● **RECORDS PROVIDED**:
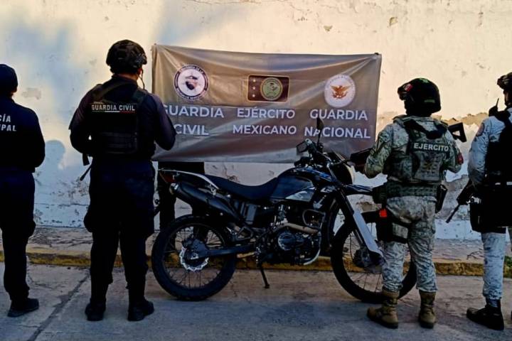 NOTICIAS 25/10/2024Delincuente abandona moto robada, se apodera un cuatrimoto y huye; la policÃa recupera ambas unidadesUn delincuente que viajaba en una moto con reporte robo, despojó con violencia de su cuatrimoto a un civil y huyó, tras un despliegue operativo de la Guardia Civil, Guardia Nacional y Sedena, ambas unidades fueron aseguradas.
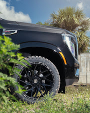 GMC Yukon 4PLAY Wheels S28 22x10 Rims 285x45x22 Sailun Tires Stock Suspension
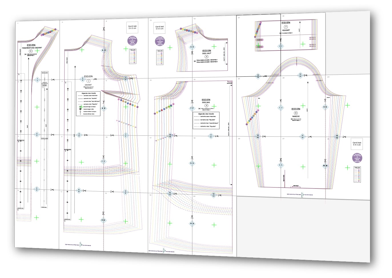 1. La(les) planche(s) du patron TAILLE REELLE, marges de couture NON INCLUSES ET/OU INCLUSE (info à vérifier dans chaque fiche produit) Celle-ci se présente sous la forme d’une succession de pages A4 à imprimer chez soi, puis à assembler selon un plan de montage précisé dans les instructions.
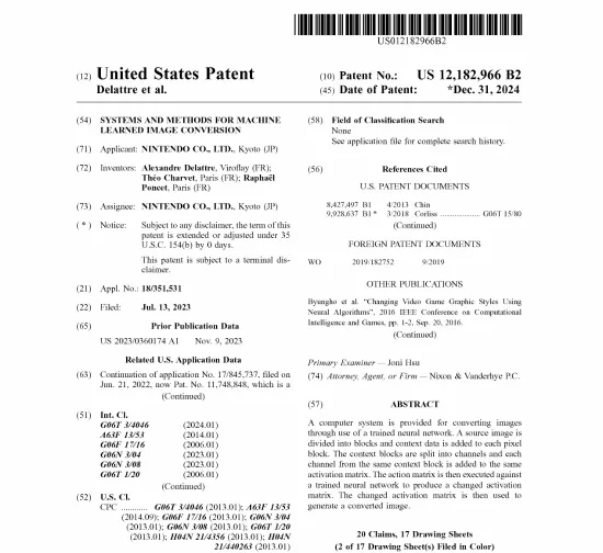 而且,老任自身对此也有技术储备。任天堂在2023年7月提交的一项专利在2024年底通过了美国专利局的审核,这项技术通过神经网络算法,也能够将540p的图像转换1080p图像。但与DLSS不同的是,任天堂的专利更侧重于图像转换和风格化,例如将一种图像风格或细节增强为另一种风格。也就是说,经过优化输出的图像,不仅仅是分辨率的提升,而且能够在美术风格上进行判断和增强。大胆设想,如果与DLSS配合使用,能够实现帧率、分辨率和美术效果的整体画面提升。而在画面提升的同时,不增加游戏程序整体的体积,使游戏能够塞进更小的卡带里面。
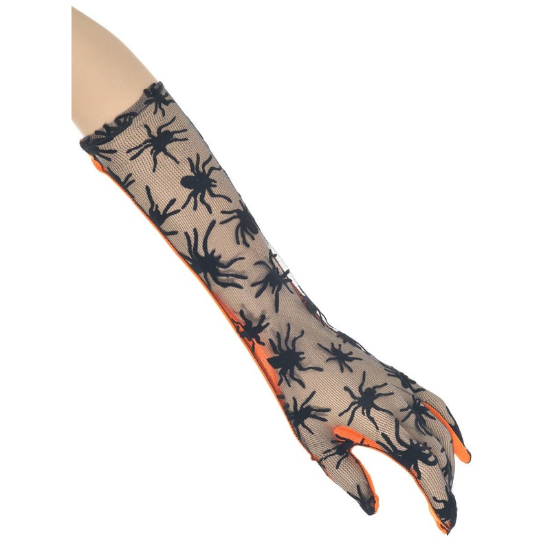 Orange Halloween Mesh Spider Costume GlovesDescription:Gloves measure approximately 40cm in length and approximately 10cm in width.These gloves are made from delicate black lace material on the front and orange stretch polyester on the back.Gloves feature
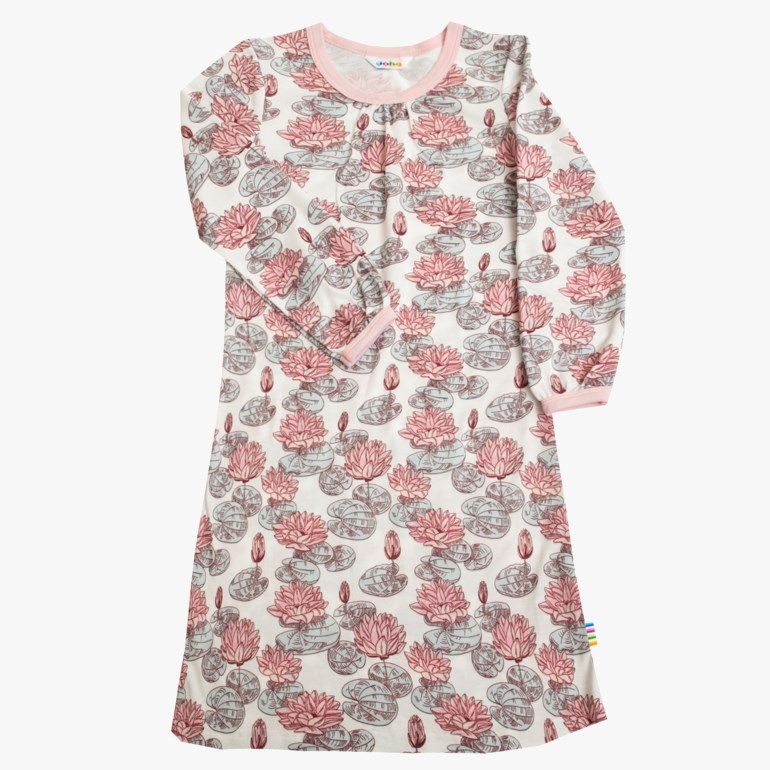 Nattkjole med lange ermer. Rynkeeffekt ved halsen og håndledd som søt detalje. En utrolig myk kvalitet baseret på 100 prosent økologisk bambus som er deilig behagelig å ha på. Fint print med ensfargede kanter. Oeko tex 100 merket.
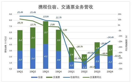 2020年Q1、Q2住宿业务营收跌幅均在60%以上,形势严峻;出人意料的是,Q4住宿业务收入恢复到2019年同期的75%以上。交通票收入只略高于2019年Q4的50%。

● **WHAT YOU NEED TO DO**:
Would you set down the records above once more, exactly, with the pictures removed?

● **OUTPUT FOR THIS TASK**:
 NOTICIAS 25/10/2024Delincuente abandona moto robada, se apodera un cuatrimoto y huye; la policÃa recupera ambas unidadesUn delincuente que viajaba en una moto con reporte robo, despojó con violencia de su cuatrimoto a un civil y huyó, tras un despliegue operativo de la Guardia Civil, Guardia Nacional y Sedena, ambas unidades fueron aseguradas.
 GMC Yukon 4PLAY Wheels S28 22x10 Rims 285x45x22 Sailun Tires Stock Suspension
 1. La(les) planche(s) du patron TAILLE REELLE, marges de couture NON INCLUSES ET/OU INCLUSE (info à vérifier dans chaque fiche produit) Celle-ci se présente sous la forme d’une succession de pages A4 à imprimer chez soi, puis à assembler selon un plan de montage précisé dans les instructions.
 而且,老任自身对此也有技术储备。任天堂在2023年7月提交的一项专利在2024年底通过了美国专利局的审核,这项技术通过神经网络算法,也能够将540p的图像转换1080p图像。但与DLSS不同的是,任天堂的专利更侧重于图像转换和风格化,例如将一种图像风格或细节增强为另一种风格。也就是说,经过优化输出的图像,不仅仅是分辨率的提升,而且能够在美术风格上进行判断和增强。大胆设想,如果与DLSS配合使用,能够实现帧率、分辨率和美术效果的整体画面提升。而在画面提升的同时,不增加游戏程序整体的体积,使游戏能够塞进更小的卡带里面。
 Orange Halloween Mesh Spider Costume GlovesDescription:Gloves measure approximately 40cm in length and approximately 10cm in width.These gloves are made from delicate black lace material on the front and orange stretch polyester on the back.Gloves feature
 Nattkjole med lange ermer. Rynkeeffekt ved halsen og håndledd som søt detalje. En utrolig myk kvalitet baseret på 100 prosent økologisk bambus som er deilig behagelig å ha på. Fint print med ensfargede kanter. Oeko tex 100 merket.
 2020年Q1、Q2住宿业务营收跌幅均在60%以上,形势严峻;出人意料的是,Q4住宿业务收入恢复到2019年同期的75%以上。交通票收入只略高于2019年Q4的50%。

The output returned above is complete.